■ **RECORDED INFORMATION**
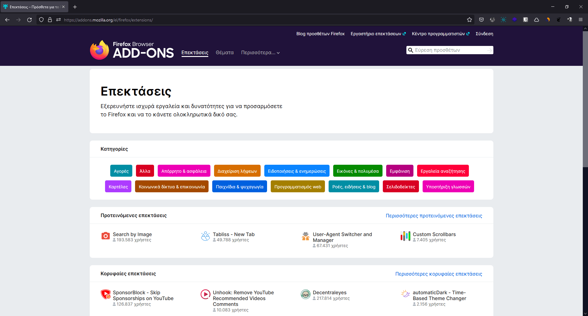 - 1. Επισκέψου το Firefox Browser Add-Ons
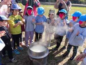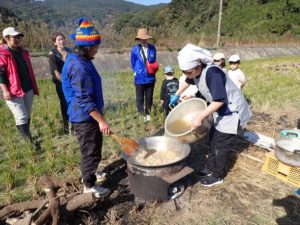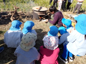 今年は、田植えをした田んぼで火をおこし米を炊きます。
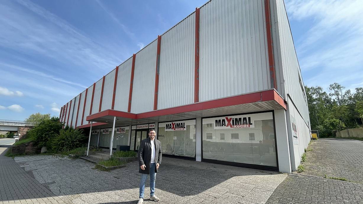 Patrick Welp, Hausleiter Möbel Akut, vor dem neuen Firmensitz an der Eimterstraße in Herford. Hier wird derzeit umgebaut. Ende des Jahres sollen rund 25 Mitarbeiter der Möbelhändlers von Bielefeld nach Herford ziehen. | © Natalie Gottwald
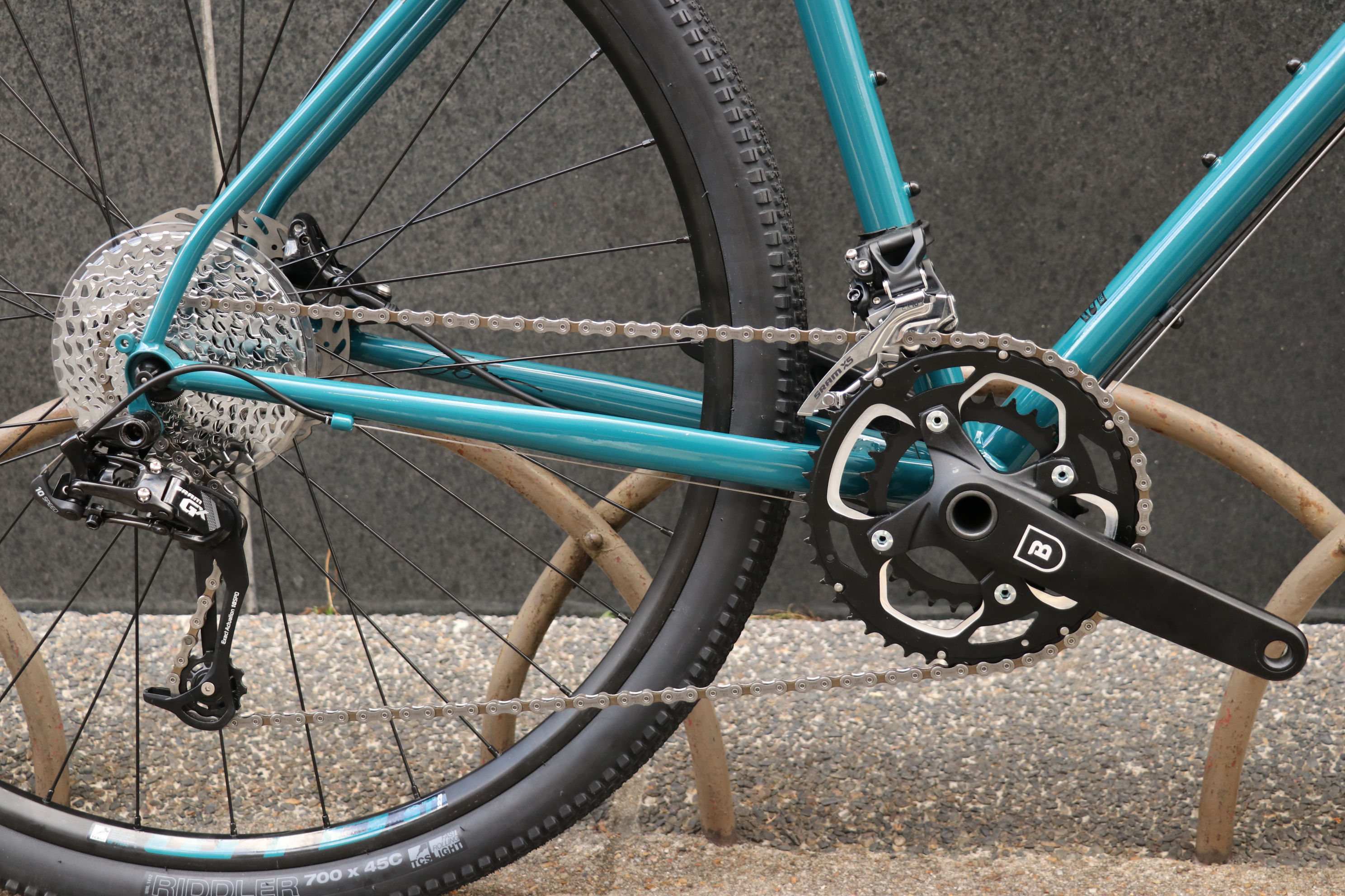 ●ダートのきつい登りも安心な46×30Tのマイクロコンパクトクランク(リア11-36T)

■ **EXERCISE**
Omit the pictures. Transcribe word for word the lines from the one containing "Patrick Welp, Hausleiter" through the end of the listing, inclusive.

■ **SOLUTION TO THE EXERCISE**
 Patrick Welp, Hausleiter Möbel Akut, vor dem neuen Firmensitz an der Eimterstraße in Herford. Hier wird derzeit umgebaut. Ende des Jahres sollen rund 25 Mitarbeiter der Möbelhändlers von Bielefeld nach Herford ziehen. | © Natalie Gottwald
 ●ダートのきつい登りも安心な46×30Tのマイクロコンパクトクランク(リア11-36T)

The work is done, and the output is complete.